From the entries below, retype only the lines from the one with "再往上爬10分鐘,出現了山頂" through the one with "Raffigurante un modello", exactly as written.

- **RECORDS FOR THIS EXERCISE**
# # # # # # #
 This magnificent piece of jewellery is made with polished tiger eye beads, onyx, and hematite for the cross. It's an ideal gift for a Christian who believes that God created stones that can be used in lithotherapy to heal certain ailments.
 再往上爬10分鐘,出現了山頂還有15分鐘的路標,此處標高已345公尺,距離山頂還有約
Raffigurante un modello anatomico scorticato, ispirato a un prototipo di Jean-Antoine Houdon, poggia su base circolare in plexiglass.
# # # # # # #
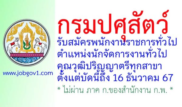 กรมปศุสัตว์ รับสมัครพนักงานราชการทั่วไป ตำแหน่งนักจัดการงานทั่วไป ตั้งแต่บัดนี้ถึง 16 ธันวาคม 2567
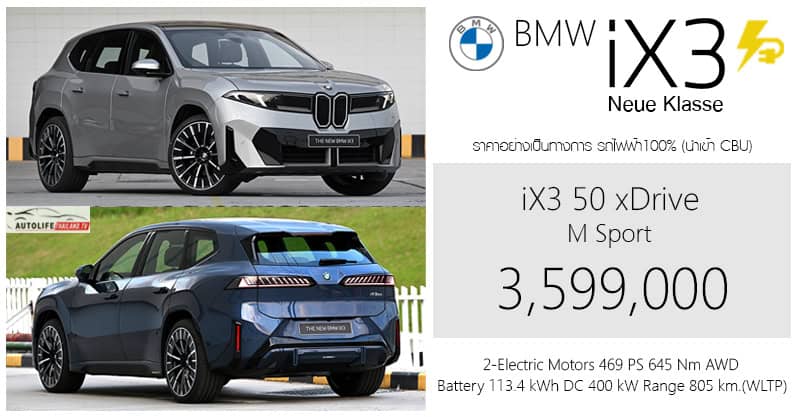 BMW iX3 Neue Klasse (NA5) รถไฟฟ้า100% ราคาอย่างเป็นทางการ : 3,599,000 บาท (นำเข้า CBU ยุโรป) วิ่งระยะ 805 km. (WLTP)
# # # # # # #
- **WRITTEN SOLUTION**
 再往上爬10分鐘,出現了山頂還有15分鐘的路標,此處標高已345公尺,距離山頂還有約
Raffigurante un modello anatomico scorticato, ispirato a un prototipo di Jean-Antoine Houdon, poggia su base circolare in plexiglass.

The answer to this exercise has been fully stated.